[Raw data]
=-=-=-=-=
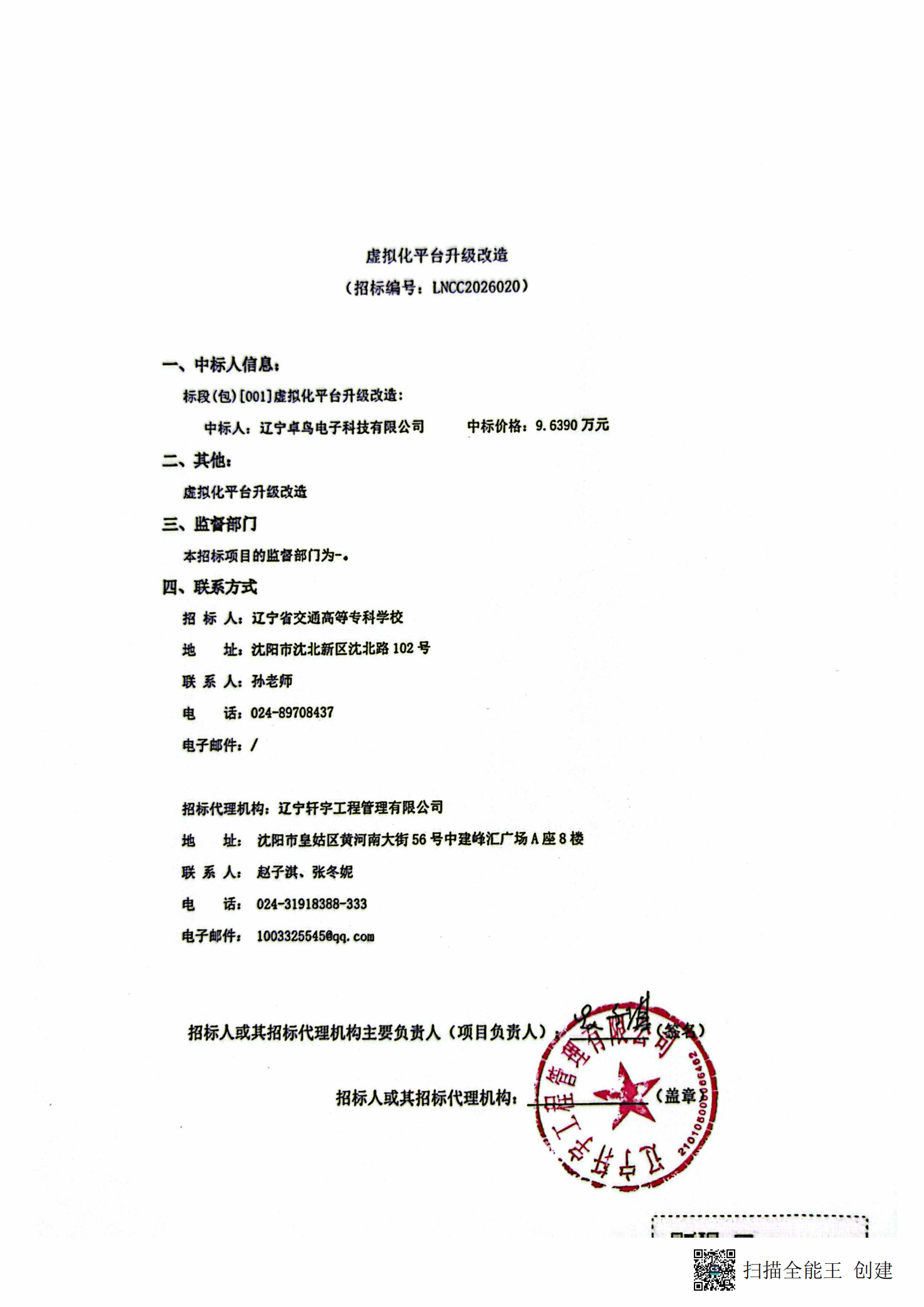 虚拟化平台升级改造采购结果公告(LNCC2026020)
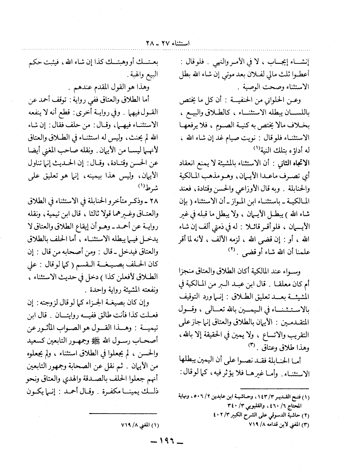 28 - وَذَكَرَ مُتَأَخِّرُو الْحَنَابِلَةِ فِي الاِسْتِثْنَاءِ فِي الطَّلاَقِ وَالْعَتَاقِ وَغَيْرِهِمَا قَوْلاً ثَالِثًا، قَال ابْنُ تَيْمِيَّةَ، وَنَقَلَهُ رِوَايَةً عَنْ أَحْمَدَ - وَهُوَ أَنَّ إِيقَاعَ الطَّلاَقِ وَالْعَتَاقِ لاَ يَدْخُل فِيمَا يُبْطِلُهُ الاِسْتِثْنَاءُ، أَمَّا الْحَلِفُ بِالطَّلاَقِ وَالْعَتَاقِ فَيَدْخُل - قَال: وَمِنْ أَصْحَابِهِ مَنْ قَال: إِنْ كَانَ الْحَلِفُ بِصِيغَةِ الْقَسَمِ (كَمَا لَوْ قَال: عَلَيَّ الطَّلاَقُ لأََفْعَلَنَّ كَذَا) دَخَل فِي حَدِيثِ الاِسْتِثْنَاءِ، وَنَفَعَتْهُ الْمَشِيئَةُ رِوَايَةٌ وَاحِدَةٌ.
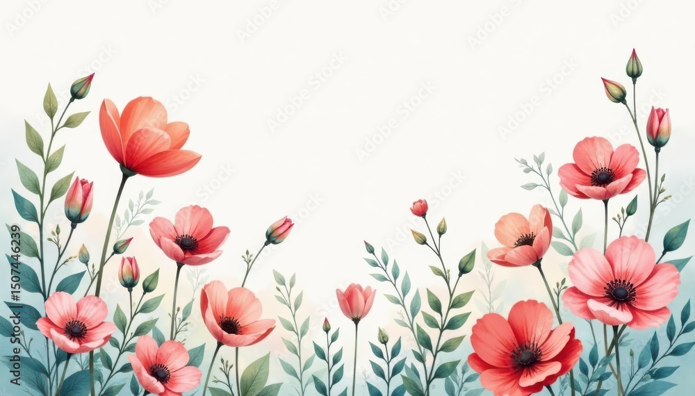 Delicate Watercolor-style Wildflowers In Soft Pastel Shades Subtly Wallpaper Mural - Decorly Solutions | Decorly Solutions
=-=-=-=-=
[Task description]
Repeat the data word for word, minus any pictures.

[Answer to this exercise]
 虚拟化平台升级改造采购结果公告(LNCC2026020)
 28 - وَذَكَرَ مُتَأَخِّرُو الْحَنَابِلَةِ فِي الاِسْتِثْنَاءِ فِي الطَّلاَقِ وَالْعَتَاقِ وَغَيْرِهِمَا قَوْلاً ثَالِثًا، قَال ابْنُ تَيْمِيَّةَ، وَنَقَلَهُ رِوَايَةً عَنْ أَحْمَدَ - وَهُوَ أَنَّ إِيقَاعَ الطَّلاَقِ وَالْعَتَاقِ لاَ يَدْخُل فِيمَا يُبْطِلُهُ الاِسْتِثْنَاءُ، أَمَّا الْحَلِفُ بِالطَّلاَقِ وَالْعَتَاقِ فَيَدْخُل - قَال: وَمِنْ أَصْحَابِهِ مَنْ قَال: إِنْ كَانَ الْحَلِفُ بِصِيغَةِ الْقَسَمِ (كَمَا لَوْ قَال: عَلَيَّ الطَّلاَقُ لأََفْعَلَنَّ كَذَا) دَخَل فِي حَدِيثِ الاِسْتِثْنَاءِ، وَنَفَعَتْهُ الْمَشِيئَةُ رِوَايَةٌ وَاحِدَةٌ.
 Delicate Watercolor-style Wildflowers In Soft Pastel Shades Subtly Wallpaper Mural - Decorly Solutions | Decorly Solutions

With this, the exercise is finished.